Dichter will give a master class 1:30-3 p.m. Wednesday, Oct. 10, followed by a question-and-answer event from 3 to 4 p.m. in Schuster Hall in the Creative Arts Center. Both events are free and open to the university community and public.
Jackson Leung, professor of music and coordinator of keyboard studies, described the program as a once-in-a-lifetime opportunity for students to engage with a virtuoso pianist like Dichter.
“It will be really inspiring for our students to have this opportunity to interact with an artist of that stature,” Leung said.
Dichter’s visit is presented by CELIA, Wright State’s Ohio Center of Excellence for Collaborative Education, Leadership and Innovation in the Arts, and the School of Music, in collaboration with the Dayton Performing Arts Alliance.
The master class will feature performances by three Wright State piano performance students: sophomore Rebekah Robertson will perform Beethoven’s “The Tempest”; senior Michael Miranda will perform “Basso Ostinato” by Russian composer Rodion Shchedrin; and sophomore David Chi Tou Lao will perform Tchaikovsky’s “Dumka.”

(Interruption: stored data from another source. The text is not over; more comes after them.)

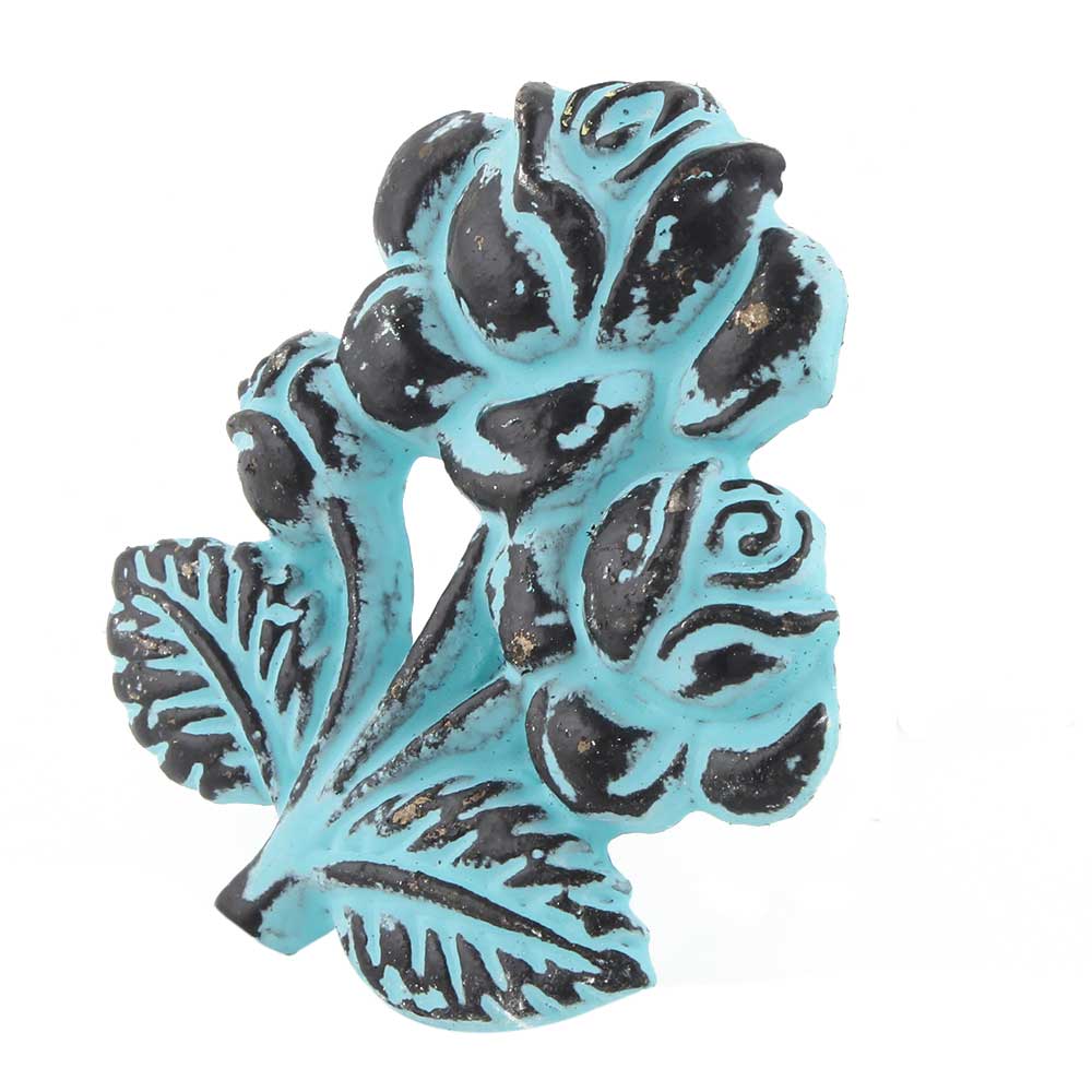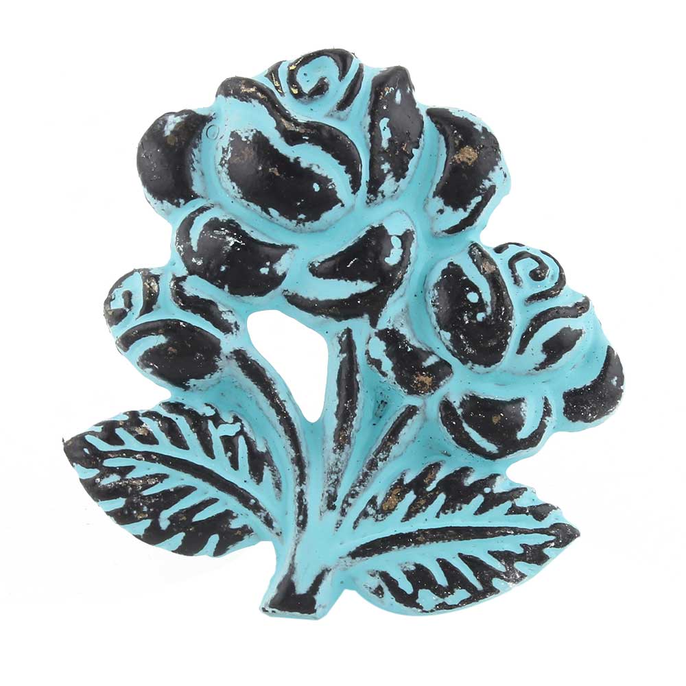 The Turquoise Rose with Branch Distressed Iron Dresser Knob features a vibrant turquoise-colored rose paired with delicate branch details. Its unique design adds a fresh, whimsical touch, making it an ideal accent for any piece of furniture in need of a colorful and elegant upgrade.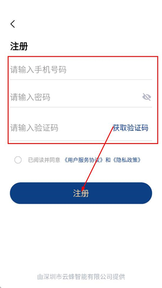 4、在注册页面,依次填写手机号和密码、验证码,点击注册,完成账号注册。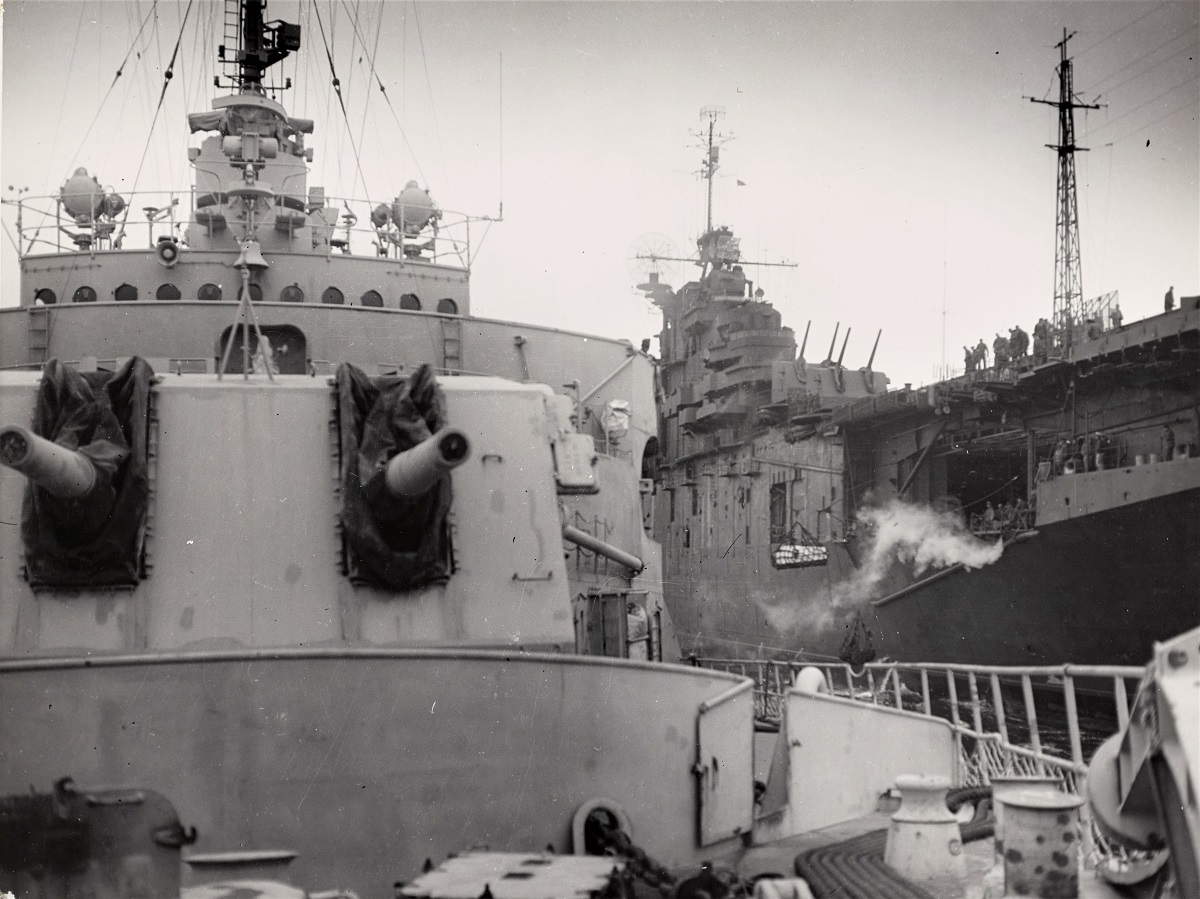 Original caption: Cargo being transferred from the USS Philippine Sea to the Coast Guard Ice-Breaking Cutter Northwind, on Operation Highjump, the Navy’s venture of exploration to the Antarctic. The Coast Guard Ice-Breaker has the task of opening lanes through heavy ice when other vessels with thinner plating could not force their way through. NARA 26-G-5062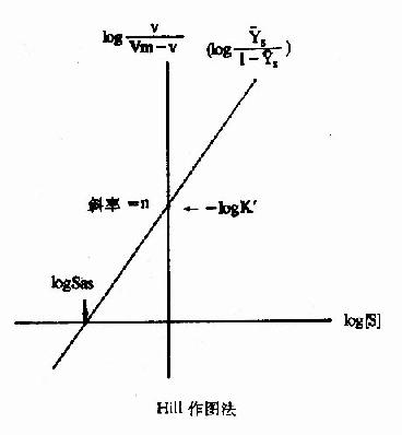 式6-13或6-18即为Hill方程式,式6-18如以logv/Vm-v对log[S]作图,也可得一直线(见下图)。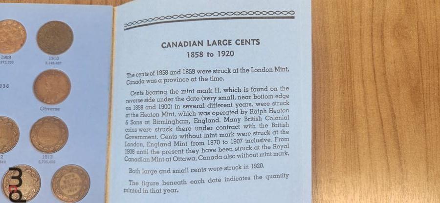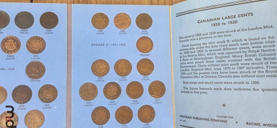 Between 1859 & 1920 Canada Collection of (43) Large 1 Cent Coins in Whitman Folder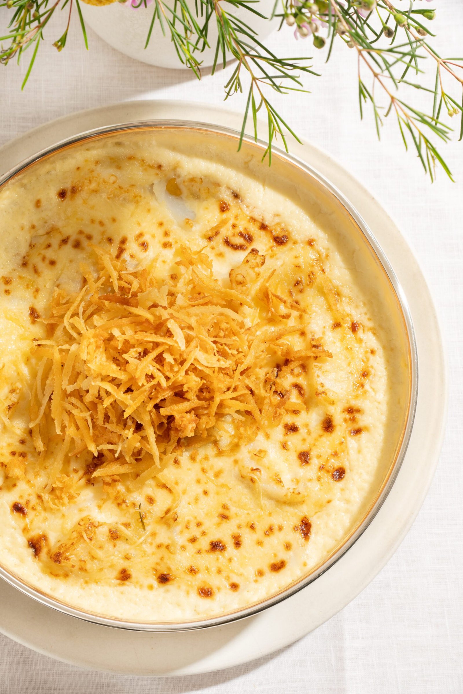 Versão especial do clássico português, preparado com lascas de bacalhau Gadus Morhua, molho cremoso e mandioca palha para acompanhar.

The master class will be organized like a public lesson, with Dichter commenting on each student’s performance for their benefit and the audience’s. Leung will lead the Q&A session during which students, faculty members and teachers can ask questions of Dichter.
The program will appeal to all music students, even if they do not play the piano. Students can still learn from the interpretation of the music and the ideas and advice Dichter will provide, Leung said. “That would benefit any music student,” he said.
Dichter was born in Shanghai to parents who fled Poland at the outbreak of World War II. His family moved to Los Angeles when he was 2 and he began studying the piano at 5. As a student at the Juilliard School in New York City, he won the Silver Medal at the 1966 International Tchaikovsky Competition in Moscow, launching an international career that has spanned six decades.
He has performed works from almost all the major composers and with almost every major orchestra. His recordings of the complete Franz Liszt Hungarian Rhapsodies and the Liszt Piano Concertos helped set the standard for other performers worldwide. With his wife, pianist Cipa Dichter, he has toured North America and Europe, presenting both masterworks and neglected scores of the two-piano and piano-four-hand repertoires.
He also conducts widely attended master classes at major conservatories, universities and music festivals, including Aspen, Curtis, Eastman, Harvard, Juilliard, Yale and Holland’s Conservatorium van Amsterdam.
Dichter received the Grand Prix International du Disque Liszt in 1998 for his recording of Liszt’s piano transcriptions.
In addition to visiting Wright State, Dichter will perform in concert with the Dayton Philharmonic Orchestra at the Schuster Center in downtown Dayton on Oct. 12 and 13.